I have $$A=\int_1^5{\frac{e^x}{e^x+x^2}dx}$$ $$B=\int_1^5{\frac{x^2}{e^x+x^2}dx}$$ I have already found that $A+B=4$ but now I want to prove that $AB\le4$. I don't know how. I am thinking of using the properties of integrals but nothing seems to work out for me. Any ideas?

Answer 1

This follows from the AM–GM inequality.
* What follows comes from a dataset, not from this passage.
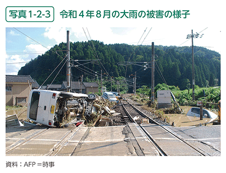 我が国では、高温が顕著だった6月下旬には東・西日本で、7月上旬には北日本で、1946年の統計開始以降、7月上旬として1位の記録的な高温となり、全国の熱中症救急搬送人員は、調査開始以降、6月は過去最高、7月は2番目に多くなりました。また、8月上旬には北海道地方や東北地方及び北陸地方を中心に記録的な大雨となり、3日から4日にかけては複数の地点で24時間降水量が観測史上1位の値を更新し、河川氾濫や土砂災害の被害が発生しました(写真1-2-3)。9月には台風第14号が非常に強い勢力で鹿児島市に上陸し、九州を中心に西日本で記録的な大雨や暴風となり、9月15日の降り始めからの総雨量は、九州や四国の複数地点で500ミリを超えるなど、9月1か月の平年値の2倍前後を観測、鹿児島県屋久島町で最大瞬間風速50.9メートルを観測したほか、複数地点で観測史上1位を更新しました。

Both integrals are positive, so $$A+B=4\implies\frac{A+B}2=2\implies \sqrt{AB}\le2\implies AB\le4$$

Answer 2

While Parcly's answer is quick, it can be done without AM-GM as well if you do not happen to know/remember AM-GM. After all, if given $A+B=4$, then the expression $AB$ can be written as $A(4-A)$ which is $-A^2+4A$. The outputs are values according to a parabola that opens down, having vertex $(2,4)$, hence $AB\le4$. Just a thought...

Answer 3

$((\sqrt{A})^2 -(\sqrt{B})^2)^2 \ge 0$
$(\sqrt{A})^2-2\sqrt{AB}+(\sqrt{B})^2 \ge 0$
$(\sqrt{A})^2+(\sqrt{B})^2 \ge 2\sqrt{AB}$
$A + B \ge 2\sqrt{AB}$
so $A + B = 4 \Rightarrow 4 \ge 2\sqrt{AB}$
That is $\sqrt{AB} \le 2$
Therefore $AB \le 4$